Здесь я почувствовал, что к такому разговору грех не присоединиться. Да и было с чем, ведь позавчера, коротая вечерок в «Дармоедах», я заметил сплоченную группку друзей, которые, покатываясь со смеху, читали вслух какую-то книгу. Это оказалось сочинение энтомолога Фабра. После нескольких порций выпивки эта книга показалась мне верхом остроумия. Уж не помню, каким образом, но утром она лежала у меня на столике под рюмкой из-под бренди. Немецкий психоаналитик Фрейд называет такие явления навязчивыми действиями… ну, или чаще ненавязчивыми.
— Сукно доставляет нам баран, — сообщил я, выходя из спальни с раскрытым Фабром в руках. — Шерсть барана перерабатывается зубьями машины у прядильщика и ткача, потом она пропитывается красками у красильщика. Она прошла через более сильную переработку, чем переработка желудочным соком. И что же, после этого она не подвергается новым нападениям? — Тут я сделал эффектную паузу. Шимс и Генри Баскервиль смотрели на меня в четыре крутых, как боксерский кулак, вопросительных знака.
— Нет, — продолжил я, — подвергается. Моль оспаривает ее у нас!
Слушатели синхронно кивнули.
— Мое бедное, узкое суконное платье, товарищ моих тяжких трудов и свидетель моих бедствий, я без сожаленья сменил тебя на крестьянскую куртку. А ты лежишь в ящике комода, между несколькими пучками лаванды, посыпанное камфарой. Хозяйка присматривает за тобой и время от времени вытряхивает тебя. Но это бесполезно. Ты погибнешь от моли, как крот от личинок мухи, как уж от кожеедов, как мы сами… Но не будем углубляться дальше в бездну смерти. Все должно вновь переработаться и обновиться в той плавильне, куда смерть постоянно доставляет материал для непрерывного процветания жизни.
— Аминь-с, — облегченно сказал Шимс и скрылся в моей спальне, чтобы наконец-то предать помойному ведру скорбные останки яичницы. Генри счел, что самое время нам слегка поздороваться.
— Привет, Берти. А я как раз хотел поинтересоваться, дома ли ты, дружище.
— Я-то дома, но ты-то как, пасынок Монтесумы? Как поживают твои необъезженные мустанги?
— Да мустанги-то что, те же кони, только звери. А я вот вдруг — бампц! — и, похоже, наследство получил от английского дядюшки.
— Сколько?
— Ну там это… хлопот невпроворот, сплошные болота, народ суеверный, дом старый, вот-вот обвалится, дымоходы не чищены, с потолка капает, гаража нет, электричество проводить надо, дороги строить…
— Сколько-сколько?
— Наверно, миллион.
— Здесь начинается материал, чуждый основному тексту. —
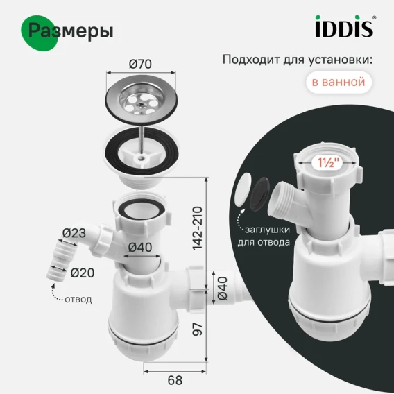 Сифон для кухонной мойки IDDIS Optima Home 900AVG1010VD 1 1/2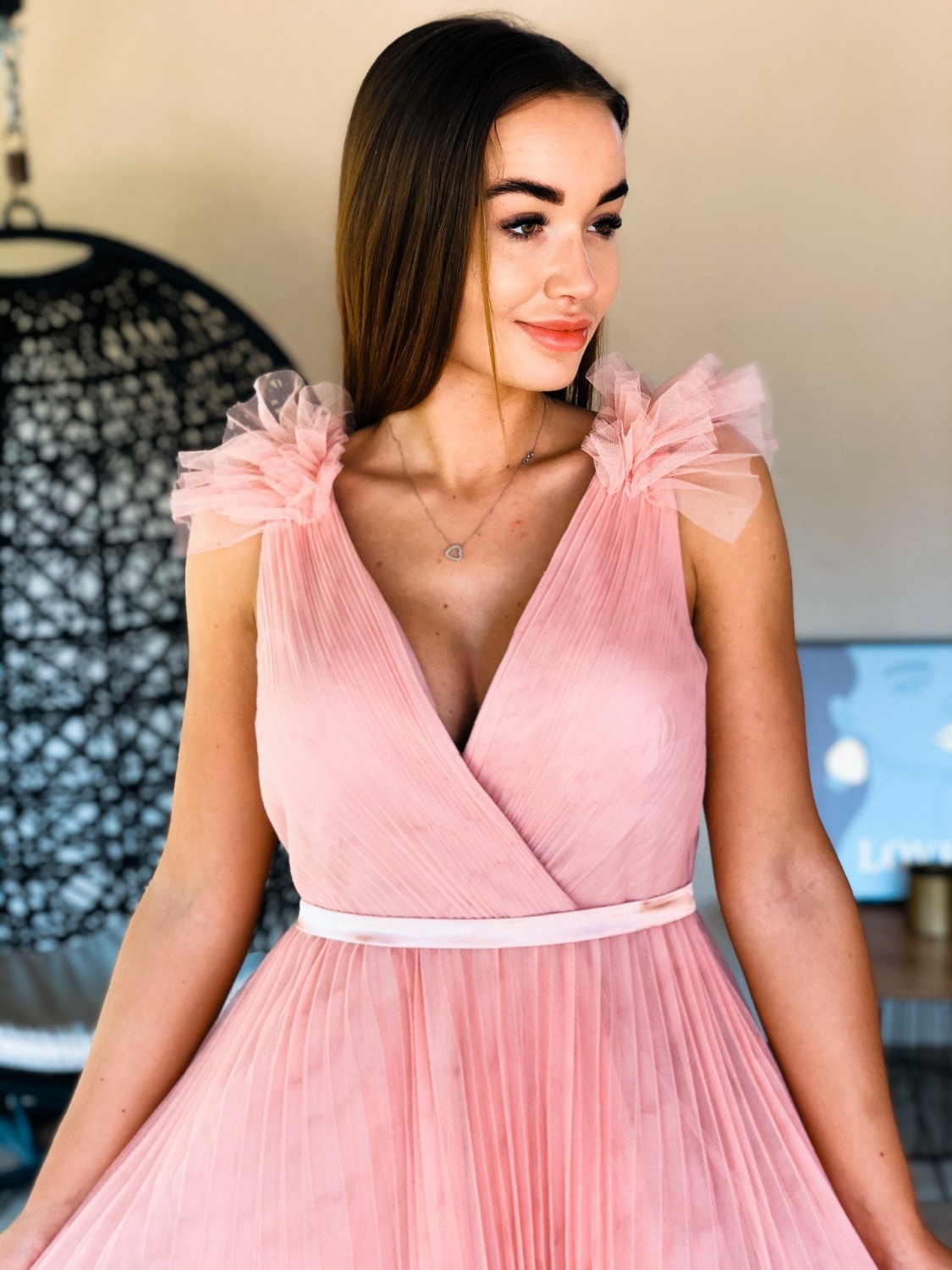 Dámske krátke ružové spoločenské šaty, ktoré sú z kvalitného a pohodlného materiálu. Zapínanie vzadu na zips. Vhodné na akúkoľvek spoločenskú udalosť. Modelka je vysoká 175 cm a oblečenú má veľkosť M.

Но еще ничего не решено.
И тут Генри вдруг смерил меня тем особым двусмысленным взглядом, каким, внезапно посолиднев, смотрит на вас разыгравшийся фокстерьер, решая, вцепиться вам зубами в икру или на этот раз все-таки следует воздержаться и подождать более благоприятного случая. Когда, благостно покуривая в кресле «Дармоедов», я вижу такой взгляд на лице приближающегося ко мне Таппи или Бинго, то не трачу время на разговоры о погоде, а сразу спрашиваю: «Сколько?», потому что совершенно очевидно, что он хочет разжиться деньжатами. Но до сих пор никто не отвечал: «Наверно, миллион». С такой суммой лучше быть уверенным.
Генри смущенно попятился в кресле, задел локтем каминную кочергу, и, водружая ее на место, вдруг сказал:
— Этот твой дворецкий, Шимс, он какой-то сам не свой. Ну просто на себя не похож!
— Так значит это и не он.
— Ну да, ну да, конечно, он полез ко мне с разговорами про моль, и не сказал ни как по-латыни, ни чем питается. На них, что ли, революция так влияет? У вас же Советской Союз под боком, что-то долетает с ветром… Вообще вы здесь в Лондоне странные. Ты знаешь, что у меня ботинок пропал? Ведь у меня здесь ботинок пропал!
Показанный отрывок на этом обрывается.